Let’s talk about the gala; it’s been going on for 38 years, what were the reasons behind honoring Africans?
It’s like almost 40 years ago now. So the leadership of the organization realized that during the UN General Assembly, all the information about Africa and its worldwide diaspora was extremely negative when people talk about Africa its always about the problems and when they talk to Africa and Africans they never seem to realize just how much good work was going on so they genesis of the gala was that around that time when much of the world was focused on New York we would have a celebration of genuine achievement we think is not being shared globally so we always try to have this as a celebration of good things that are happening. So the gala is intentionally held when the UN General Assembly is going on.
What’s the criterion for selecting honorees?
We always recognize at least one, sometimes two alumni of our organization just to show the world what they have been doing. We also look for what is happening in African countries and find which countries have some achievements we can show off just so we are not talking about challenges only. We also find African Americans who have achieved something and we think it’s worthy of being celebrated.
Finally, what should people expect at this year’s gala?
Most of us haven’t been able to meet in person to celebrate together for the past two years so while we are taking precautions, this would be our first in person celebration since covid-19. Our awardees this year have wonderful stories and we can learn about their stories. We will also look at African businesses, those who have been successful and have successfully introduced the world to Africa and the African diaspora; it’s really changed the narrative on how we see ourselves and how people see us.

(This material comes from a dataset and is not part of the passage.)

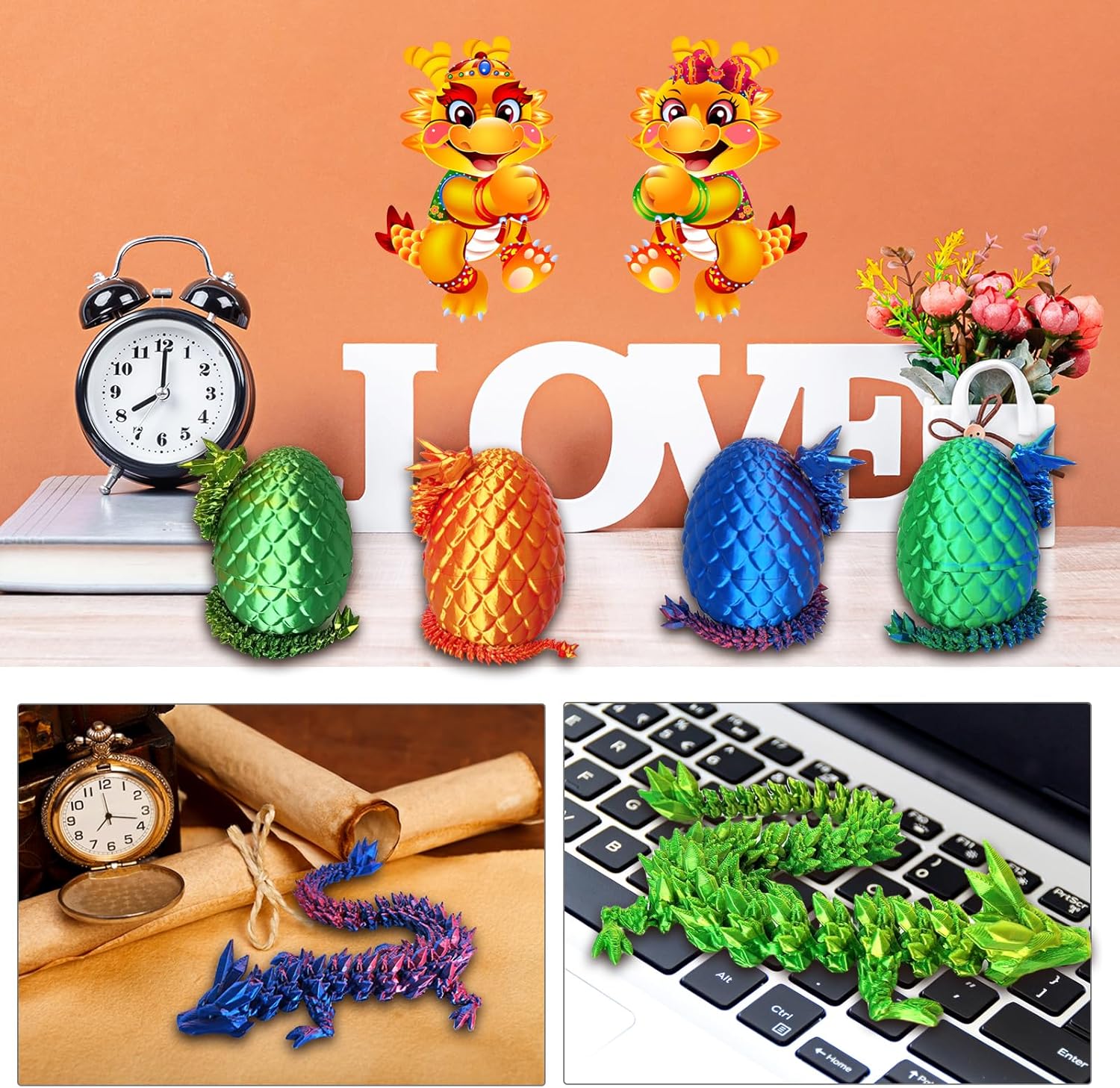 - 【Unique Design】11.2 Inch dragon fidget toy and Dragon Egg Toy Carefully crafted using amazing 3D printing technology, our dragon fidget toy can be used as an educational tool to inspire imaginative stories and create learning opportunities while also inspiring DIY creativity for endless exploration. The dragon egg's threaded design allows the 3-d printed dragon figurine to be safely stored inside,Making it the perfect dragon decor piece for your home or office.

In two years, the 40th gala would be celebrated. What would the AAI and the Award scheme have accomplished under your leadership by then?
So assuming that I have two years; I serve at the pleasure of the board so assuming I have more years I would want us to have really had an impact in terms of how young people come to understand Africa and its role in the world. That’s how we can show results from our programme.
His plate may be full now, but like every board he sits on and every organization he heads, Kofi Appenteng in his leadership is not relenting in ensuring that, Africans both home and abroad and the African diaspora stay connected and the beautiful stories on the continent and outside it are recognized and supported by the AAI.